A. General Requirements and Responsibilities
RESPONDENT shall:
1. Provide Laboratory Testing Services for CENTER in accordance with prescriber orders by persons authorized
under state or federal law to order laboratory tests.
2. Perform “STAT” and “URGENT” lab testing services when ordered by a prescriber as follows:
a. STAT – performed immediately due to a consumer’s critical condition, with results typically available and
reported within one (1) hour or less.
b. URGENT – performed when prompt diagnosis or treatment is needed to prevent worsening of
consumer’s condition and reported within two (2) to four (4) hours.
3. Provide comprehensive in-service training for appropriate personnel on an as-needed basis, to be arranged by
CENTER.
4. Supply all collection materials and any other related supplies per draw site, as necessary, for the collection of the
test, to include centrifuges and lockboxes, at no charge.
5. Provide phlebotomist (technical services) at agreed upon times to collect, and process samples at no additional
cost for up to three (3) CENTER locations:
a. Paul Elizondo Clinic: 928 W. Commerce Street, San Antonio, TX 78207 – Current technical services
provided
b. Two (2) additional undetermined locations are designated for potential expansion of services.
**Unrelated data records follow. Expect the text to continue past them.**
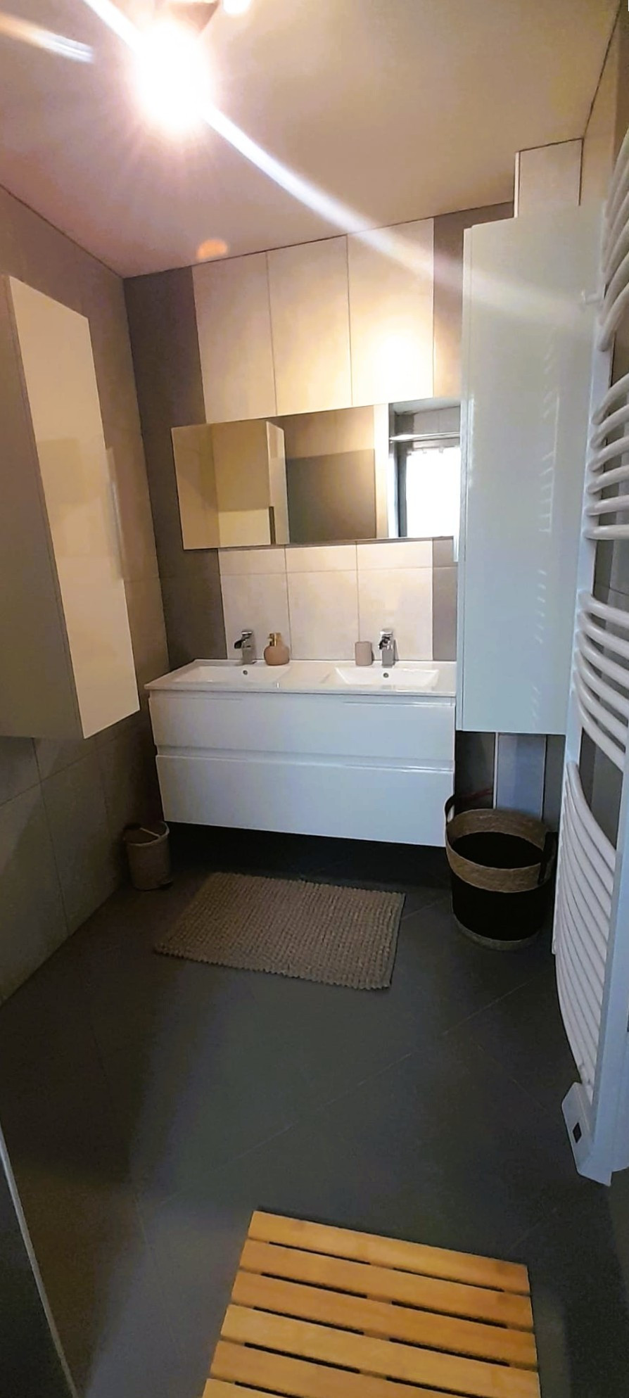 La salle de bain avec douche offre tout le confort nécessaire. (WC séparés) Le logement est chauffé par des radiateurs électriques et bénéficie d'une connexion WiFi gratuite. Deux téléviseurs sont également à disposition pour vos moments de détente.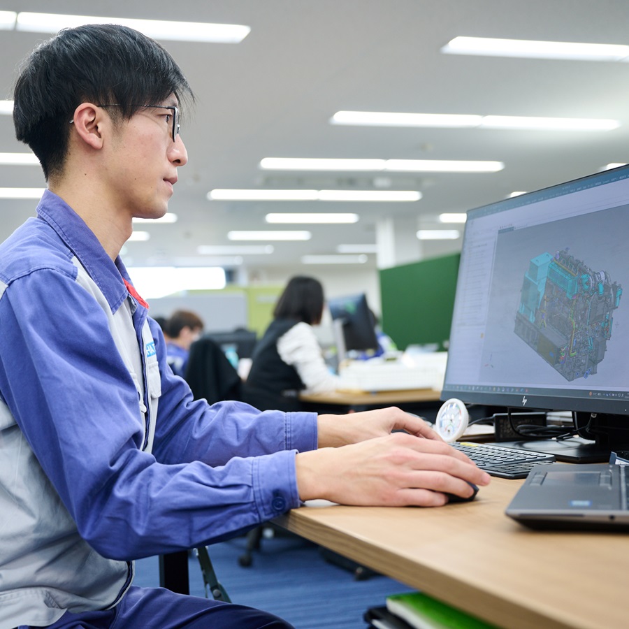 試作機から納品をするエンジンまで、実機を確認品型、関連する部署と協力し、設計を行います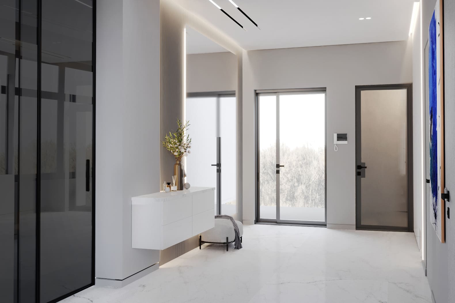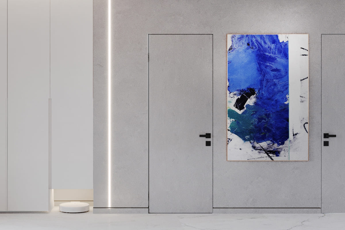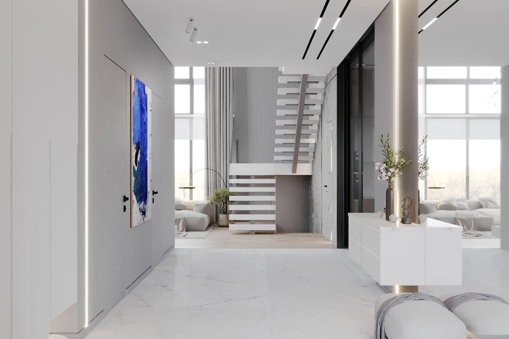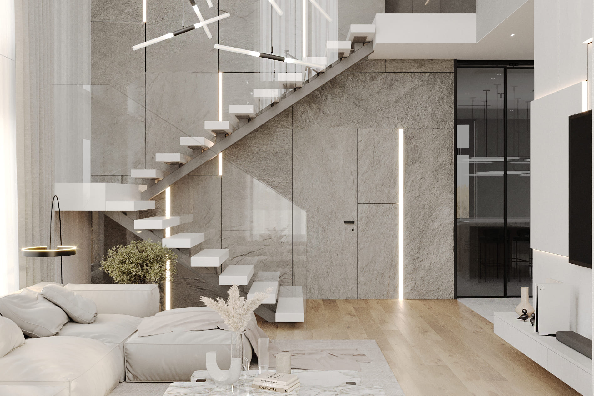 Из гостиной переход на 2-ой этаж по лестнице, которая получилась невесомой, воздушной и парящей. Стену за ней мы решили сделать из каменного шпона со вставками световых линий. Благодаря камню зона лестницы выглядит благороднее и роскошнее.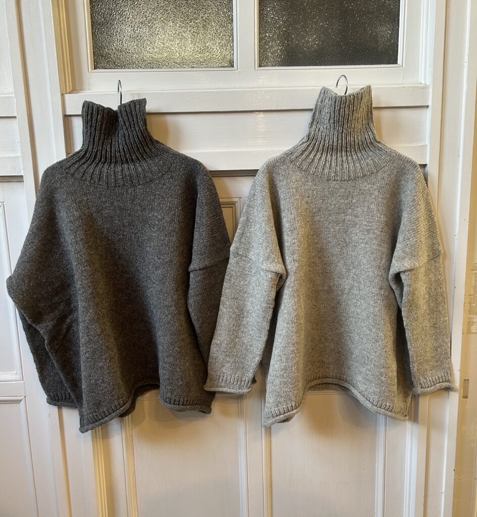 ふわふわとした柔らかな肌触り、毛足のあるウール混の糸を使用したバルキーニット‼️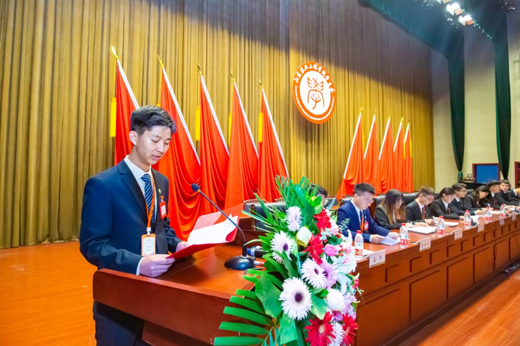 第三十五届学生会执行主席刘睿恒作题为《汲取百年奋斗磅礴伟力以时代担当绽放青春之花》的学生会工作报告,全面客观的总结了学生会一年以来的工作,立足当前提出了新的目标和任务,希望新一届学生会展望新征程,加强党的领导、坚持团的指导,持续提升思想政治引领力,聚焦主责主业、坚持服务中成长,持续提升助力同学成长成才服务力;强化作风整顿、加强工作机制建设,全面提升学生会组织的凝聚力和战斗力。

6. Provide courier services to pick up specimens from CENTER to be tested by RESPONDENT.
7. Set up and provide electronic submission of laboratory results per draw site when test is completed at no
additional cost.
8. Supply testing supplies necessary for obtaining, collecting, and transporting specimens in full within twenty-four
(24) hours of request.
9. Provide one (1) Master Price List for lab testing that applies universally to all CENTER Programs/Clinic locations.
10. Submit an itemized monthly statement of services, under a “Parent” or “Master” account, that includes the
following information for each individual unit:
a. CENTER location and unit number;
b. Date of services;
c. Consumer name or identification number;
d. Ordering physician;
e. Test performed;
f. Test code; and
g. Net cost.
11. Maintain separate records for each of the CENTER’S locations served by unit number, so as to provide a monthly
analysis of tests performed by test code and name, as well as cumulative summary reflecting usage at all
CENTER locations.
12. Provide direct billing for services to all payers of claims, other than the CENTER, for all consumers served by the
CENTER when the required billing information is supplied on the requisition form. Payment received from third
party payers will be considered payment in full for the services rendered.
13. Provide next-day reporting for all tests listed. (No later than 24 hours turn-around).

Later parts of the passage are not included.